Le gouvernement de Sébastien Lecornu ne se limite pas à la viticulture. Pour l'année 2026, il octroie également une aide significative de 40 millions d'euros aux céréaliers en grande difficulté. Parallèlement, une enveloppe de 22 millions d'euros est prévue pour soutenir les éleveurs bovins durement affectés par la dermatose nodulaire contagieuse (DNC), une maladie qui impacte fortement leurs troupeaux.

De plus, les filières agricoles en situation de crise pourront bénéficier d'une prise en charge partielle de leurs cotisations sociales, à hauteur de 5 millions d'euros. Cette mesure vise à alléger la pression financière sur les exploitations les plus fragiles. Enfin, une enveloppe globale de 51 millions d'euros sera partagée entre plusieurs initiatives stratégiques : le plan protéines, le plan agriculture Méditerranée et le soutien à la filière fruits et légumes.

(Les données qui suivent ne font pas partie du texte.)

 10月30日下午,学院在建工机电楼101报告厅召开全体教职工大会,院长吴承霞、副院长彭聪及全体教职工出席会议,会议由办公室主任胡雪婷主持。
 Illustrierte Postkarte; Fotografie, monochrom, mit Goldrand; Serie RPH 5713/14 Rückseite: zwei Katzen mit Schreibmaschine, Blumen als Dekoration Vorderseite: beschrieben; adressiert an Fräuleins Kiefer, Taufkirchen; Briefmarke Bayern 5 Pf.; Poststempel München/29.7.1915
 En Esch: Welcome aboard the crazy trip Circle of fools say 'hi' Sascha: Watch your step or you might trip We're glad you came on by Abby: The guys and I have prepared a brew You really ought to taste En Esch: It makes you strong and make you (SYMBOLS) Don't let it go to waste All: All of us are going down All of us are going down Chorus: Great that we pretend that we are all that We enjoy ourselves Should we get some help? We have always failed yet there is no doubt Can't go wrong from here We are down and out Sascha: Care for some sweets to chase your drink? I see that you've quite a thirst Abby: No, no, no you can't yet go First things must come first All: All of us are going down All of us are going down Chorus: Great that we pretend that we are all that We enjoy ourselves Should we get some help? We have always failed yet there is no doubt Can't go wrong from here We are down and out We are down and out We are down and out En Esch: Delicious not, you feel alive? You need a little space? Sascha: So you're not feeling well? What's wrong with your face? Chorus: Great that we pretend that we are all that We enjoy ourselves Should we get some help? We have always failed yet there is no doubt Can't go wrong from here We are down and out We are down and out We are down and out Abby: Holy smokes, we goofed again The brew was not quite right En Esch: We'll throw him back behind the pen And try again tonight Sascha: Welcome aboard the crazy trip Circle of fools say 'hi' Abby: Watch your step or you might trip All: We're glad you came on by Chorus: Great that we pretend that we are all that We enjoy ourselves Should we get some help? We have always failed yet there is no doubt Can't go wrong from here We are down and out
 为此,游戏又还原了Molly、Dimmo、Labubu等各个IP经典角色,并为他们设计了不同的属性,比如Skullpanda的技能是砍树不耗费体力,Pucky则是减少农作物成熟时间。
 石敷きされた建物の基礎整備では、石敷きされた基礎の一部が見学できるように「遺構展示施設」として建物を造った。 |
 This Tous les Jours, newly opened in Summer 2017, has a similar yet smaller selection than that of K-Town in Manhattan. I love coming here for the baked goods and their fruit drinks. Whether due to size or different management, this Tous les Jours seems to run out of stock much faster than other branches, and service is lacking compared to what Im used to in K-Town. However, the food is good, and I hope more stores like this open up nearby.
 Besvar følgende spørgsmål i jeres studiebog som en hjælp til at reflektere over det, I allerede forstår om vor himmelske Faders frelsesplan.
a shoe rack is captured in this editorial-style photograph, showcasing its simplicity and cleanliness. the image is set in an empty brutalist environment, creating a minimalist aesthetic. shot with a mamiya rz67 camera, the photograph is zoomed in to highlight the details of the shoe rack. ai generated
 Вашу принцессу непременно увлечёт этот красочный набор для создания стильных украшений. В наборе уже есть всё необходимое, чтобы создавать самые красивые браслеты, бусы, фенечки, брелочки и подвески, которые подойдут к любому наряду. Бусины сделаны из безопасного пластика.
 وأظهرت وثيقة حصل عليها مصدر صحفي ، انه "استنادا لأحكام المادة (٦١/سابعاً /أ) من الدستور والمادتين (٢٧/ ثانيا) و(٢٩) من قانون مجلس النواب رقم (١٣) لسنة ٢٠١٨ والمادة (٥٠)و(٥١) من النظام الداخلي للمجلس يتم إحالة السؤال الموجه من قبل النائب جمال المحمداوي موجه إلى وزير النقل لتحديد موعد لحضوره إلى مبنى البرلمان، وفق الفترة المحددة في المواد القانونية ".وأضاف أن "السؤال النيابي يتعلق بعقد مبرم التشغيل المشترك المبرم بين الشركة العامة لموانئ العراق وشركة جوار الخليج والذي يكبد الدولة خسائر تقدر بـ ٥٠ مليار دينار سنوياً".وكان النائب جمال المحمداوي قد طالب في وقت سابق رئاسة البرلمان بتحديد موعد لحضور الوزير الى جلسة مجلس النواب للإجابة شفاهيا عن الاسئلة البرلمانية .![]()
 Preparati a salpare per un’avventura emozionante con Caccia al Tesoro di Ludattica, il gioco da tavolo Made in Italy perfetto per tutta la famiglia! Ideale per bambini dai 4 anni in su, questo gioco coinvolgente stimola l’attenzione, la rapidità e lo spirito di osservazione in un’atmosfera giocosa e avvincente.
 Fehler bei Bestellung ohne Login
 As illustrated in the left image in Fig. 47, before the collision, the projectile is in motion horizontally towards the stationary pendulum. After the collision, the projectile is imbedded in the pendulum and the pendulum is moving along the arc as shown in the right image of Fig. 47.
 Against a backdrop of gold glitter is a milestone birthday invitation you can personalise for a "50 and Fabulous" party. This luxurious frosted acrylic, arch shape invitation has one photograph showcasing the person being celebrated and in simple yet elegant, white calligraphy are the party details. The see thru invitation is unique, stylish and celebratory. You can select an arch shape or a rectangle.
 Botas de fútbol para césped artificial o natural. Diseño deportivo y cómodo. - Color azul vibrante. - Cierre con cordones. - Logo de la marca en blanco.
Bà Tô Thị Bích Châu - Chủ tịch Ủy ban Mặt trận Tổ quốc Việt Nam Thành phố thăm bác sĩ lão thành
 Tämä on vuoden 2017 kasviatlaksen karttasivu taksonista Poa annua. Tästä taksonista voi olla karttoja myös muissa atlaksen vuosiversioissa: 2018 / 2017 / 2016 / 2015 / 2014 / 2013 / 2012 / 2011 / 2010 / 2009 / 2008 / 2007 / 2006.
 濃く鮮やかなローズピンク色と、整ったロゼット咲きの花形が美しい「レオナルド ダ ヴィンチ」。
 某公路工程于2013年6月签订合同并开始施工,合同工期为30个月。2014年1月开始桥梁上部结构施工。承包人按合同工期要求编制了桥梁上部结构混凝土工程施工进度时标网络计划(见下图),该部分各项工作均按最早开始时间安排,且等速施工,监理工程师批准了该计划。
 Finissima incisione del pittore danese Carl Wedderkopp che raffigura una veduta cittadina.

Un investissement dans les infrastructures hydrauliques

Pour compléter ce dispositif de soutien, le fonds hydraulique se verra doté d'une somme additionnelle de 60 millions d'euros. Cet investissement est destiné à améliorer les infrastructures d'irrigation et de gestion de l'eau, un enjeu capital face aux défis climatiques et aux sécheresses récurrentes. L'ensemble de ces mesures illustre la volonté du gouvernement de répondre de manière multidimensionnelle à la crise agricole, en combinant aides directes, soutiens sectoriels et investissements structurels.